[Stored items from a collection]
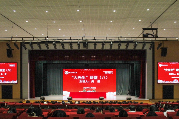 11月25日晚,教育学院“大先生”讲堂第八讲在大学生活动中心举行。本次活动邀请湖师附小教育集团教师(原集团副校长、西山漾校区校长)吴俊老师做客讲堂,教育学院2024级全体本科生、研究生与会。讲座由教育学院党委副书记沈卫主持。
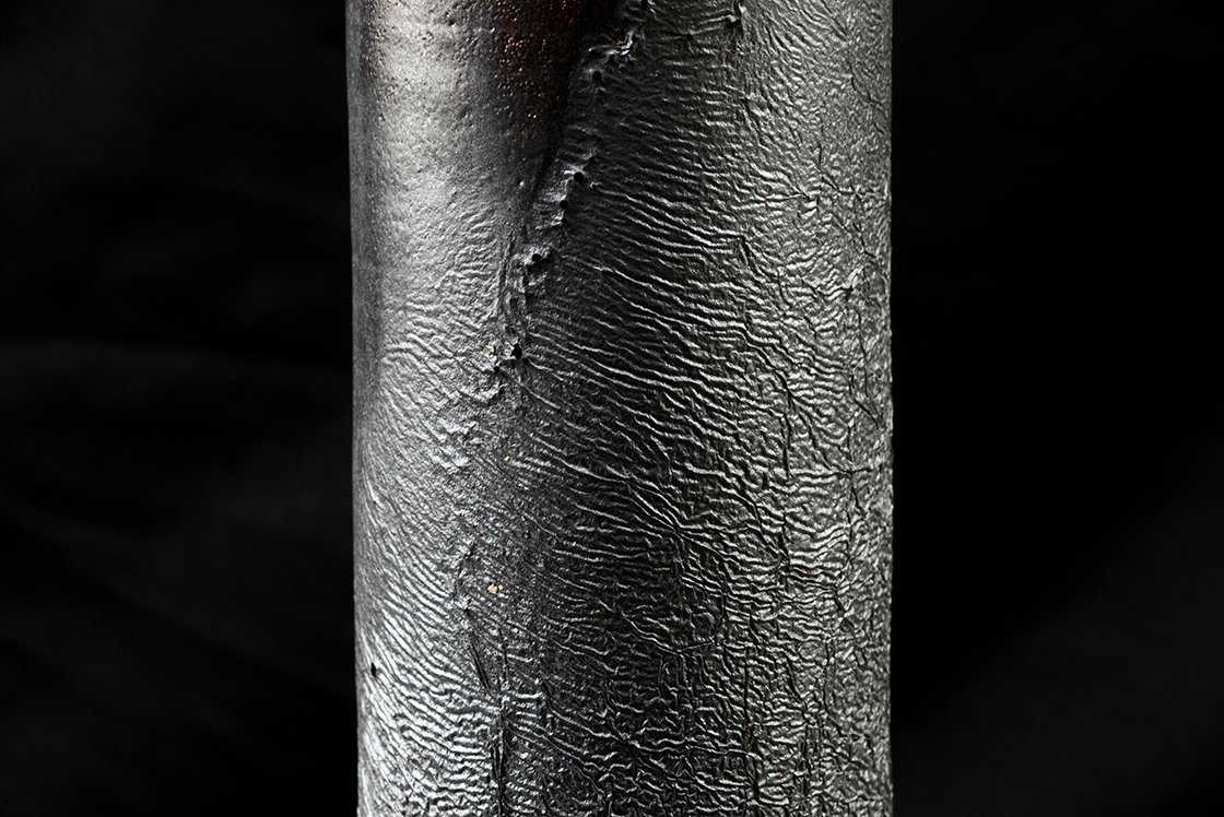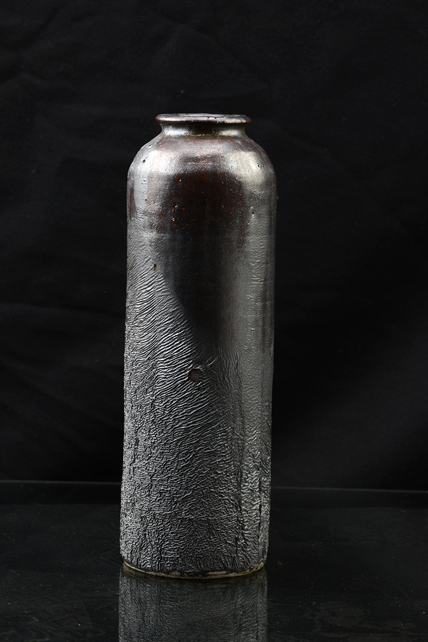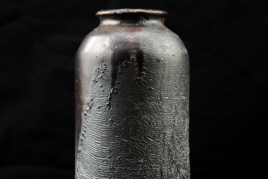 19,5 cm magas, 6,4 cm széles japán virágváza Suishi Hashino műhelyéből. A kagoshimai műhely a Sakurajima vulkán hamujából éget mázat a termékeire.  A Sakurajima Japán egyik híres, igen aktív vulkánja a kagoshimai öböl közepén emelkedő szigeten. Sakura a cseresznyevirág, jima a sziget, de a vulkánnak otthont adó szigetet nem a sakuráról nevezték el, hanem „Konohana Sakuyahime” istennőről.
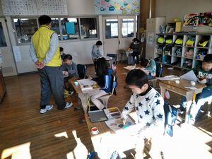 1年生はなにやらみんなで作業中。色紙を見て何をしているのか分かりました。6年生を送る会のメッセージ作りですね。協力して飾り付けをしたりメッセージを貼り付けたりしていました。
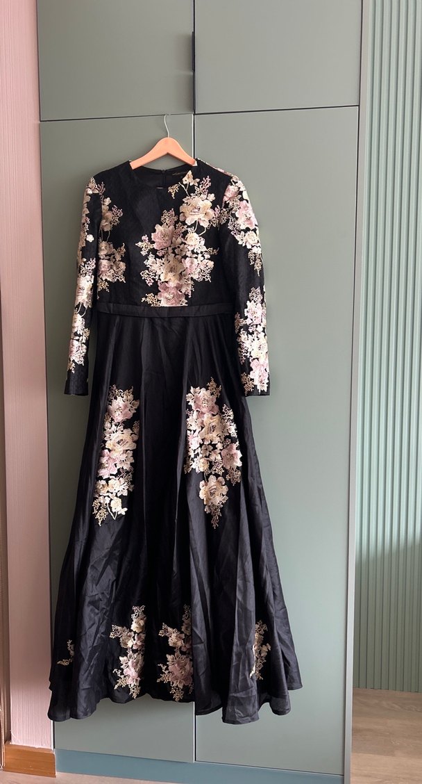 Uzun siyah elbise, nakışlı çiçek desenleri, bol ve drapeli kesime sahiptir. Uzun kollu, tekne yaka olup vintage bohem tarzını yansıtır, düğünler için uygundur.
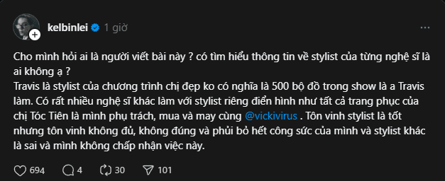 “Travis là stylist của chương trình Chị Đẹp không có nghĩa là 500 bộ đồ trong show là anh Travis làm. Có rất nhiều nghệ sĩ khác làm việc với stylist riêng, điển hình như tất cả trang phục của chị Tóc Tiên là mình phụ trách…” – Kelbin Lei thẳng thắn chia sẻ, cảm thấy công sức của mình và đồng đội bị phủ nhận.
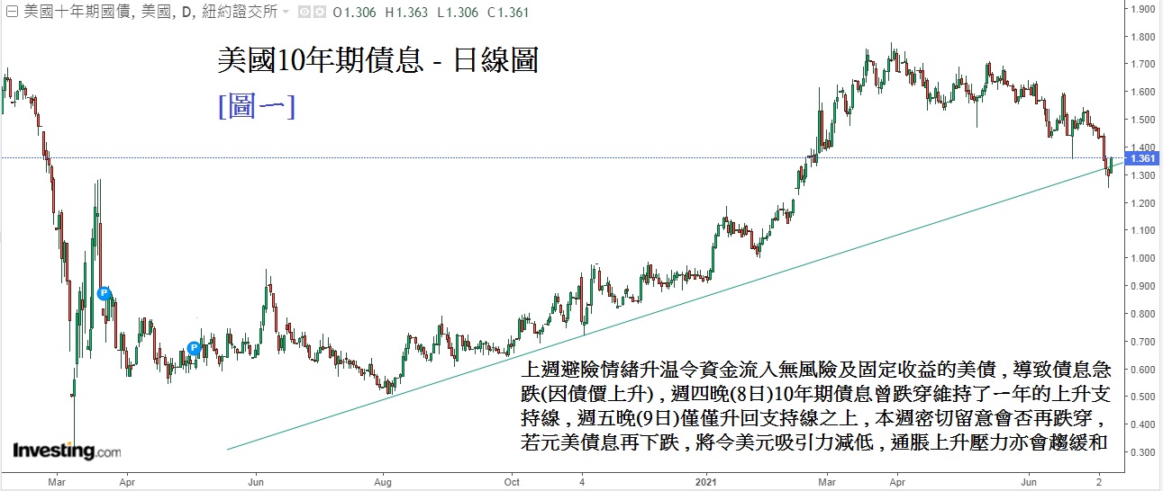 近日多个不确定因素笼罩市场,令资金涌入避险工具如美债、黄金及日圆,导致美债息下跌,金价及日圆汇价上升。预计避险情绪本周持续升温。主要疑虑有两个 : ㄧ)Delta变种病毒在多国急速扩散,市场忧新一波全球大流行Pandemic或再爆发。二) 美国债务上限快将在8月重启,但提升或延迟上限至今仍未有方向, 另外一万亿美债将在8月到期,市场揣测中国或大幅减少再购买,增添市场不安情绪。
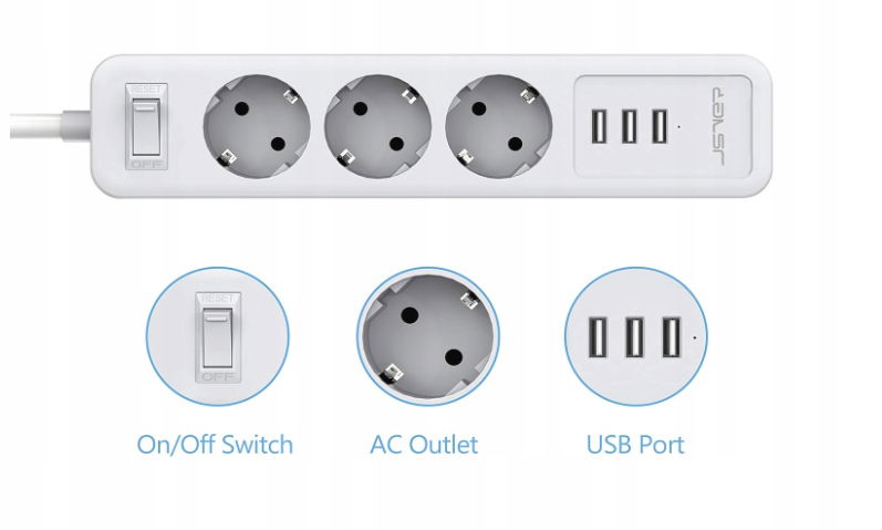 - ✴️ Pełna ochrona urządzeń-Zabezpieczenie przeciwprzepięciowe 300 J oraz ochrona przed przepięciem, przetężeniem, przeciążeniem, zwarciem i nieprawidłowym stykiem.
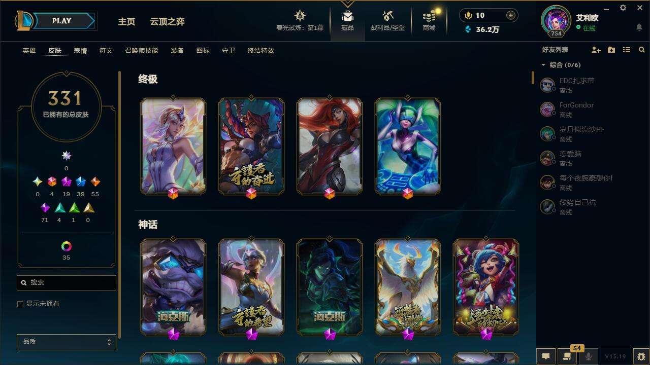 【10883444】[12336856]【gpz_961762】 t27663【诺克萨斯】331皮肤 45炫彩 5臻彩 19神话/39限定/55传说/171英雄 账号等级:754 单双排段位:白银【重要头像】EDG厄斐琉斯 EDG佛耶戈 EDG格雷福斯 EDG悠米 EDG佐伊 星守金克丝炫彩 至臻星之守护者辛德拉 至臻幻灵战斗猫金克丝 至臻神凰行者霞 【重要皮肤】至高天凯尔至
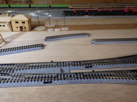 内線のS186の直線レールをS124に置き換えて、内線のお隣の留置線にS124の直線レール、さらにお隣の留置線にS62の直線レールを延ばして長さを調整して、さらにS248の直線レールを延ばして、

Activity: Write out the data in full and exactly as given, though without the images.

Solution to the exercise:
 11月25日晚,教育学院“大先生”讲堂第八讲在大学生活动中心举行。本次活动邀请湖师附小教育集团教师(原集团副校长、西山漾校区校长)吴俊老师做客讲堂,教育学院2024级全体本科生、研究生与会。讲座由教育学院党委副书记沈卫主持。
 19,5 cm magas, 6,4 cm széles japán virágváza Suishi Hashino műhelyéből. A kagoshimai műhely a Sakurajima vulkán hamujából éget mázat a termékeire.  A Sakurajima Japán egyik híres, igen aktív vulkánja a kagoshimai öböl közepén emelkedő szigeten. Sakura a cseresznyevirág, jima a sziget, de a vulkánnak otthont adó szigetet nem a sakuráról nevezték el, hanem „Konohana Sakuyahime” istennőről.
 1年生はなにやらみんなで作業中。色紙を見て何をしているのか分かりました。6年生を送る会のメッセージ作りですね。協力して飾り付けをしたりメッセージを貼り付けたりしていました。
 Uzun siyah elbise, nakışlı çiçek desenleri, bol ve drapeli kesime sahiptir. Uzun kollu, tekne yaka olup vintage bohem tarzını yansıtır, düğünler için uygundur.
 “Travis là stylist của chương trình Chị Đẹp không có nghĩa là 500 bộ đồ trong show là anh Travis làm. Có rất nhiều nghệ sĩ khác làm việc với stylist riêng, điển hình như tất cả trang phục của chị Tóc Tiên là mình phụ trách…” – Kelbin Lei thẳng thắn chia sẻ, cảm thấy công sức của mình và đồng đội bị phủ nhận.
 近日多个不确定因素笼罩市场,令资金涌入避险工具如美债、黄金及日圆,导致美债息下跌,金价及日圆汇价上升。预计避险情绪本周持续升温。主要疑虑有两个 : ㄧ)Delta变种病毒在多国急速扩散,市场忧新一波全球大流行Pandemic或再爆发。二) 美国债务上限快将在8月重启,但提升或延迟上限至今仍未有方向, 另外一万亿美债将在8月到期,市场揣测中国或大幅减少再购买,增添市场不安情绪。
 - ✴️ Pełna ochrona urządzeń-Zabezpieczenie przeciwprzepięciowe 300 J oraz ochrona przed przepięciem, przetężeniem, przeciążeniem, zwarciem i nieprawidłowym stykiem.
 【10883444】[12336856]【gpz_961762】 t27663【诺克萨斯】331皮肤 45炫彩 5臻彩 19神话/39限定/55传说/171英雄 账号等级:754 单双排段位:白银【重要头像】EDG厄斐琉斯 EDG佛耶戈 EDG格雷福斯 EDG悠米 EDG佐伊 星守金克丝炫彩 至臻星之守护者辛德拉 至臻幻灵战斗猫金克丝 至臻神凰行者霞 【重要皮肤】至高天凯尔至
 内線のS186の直線レールをS124に置き換えて、内線のお隣の留置線にS124の直線レール、さらにお隣の留置線にS62の直線レールを延ばして長さを調整して、さらにS248の直線レールを延ばして、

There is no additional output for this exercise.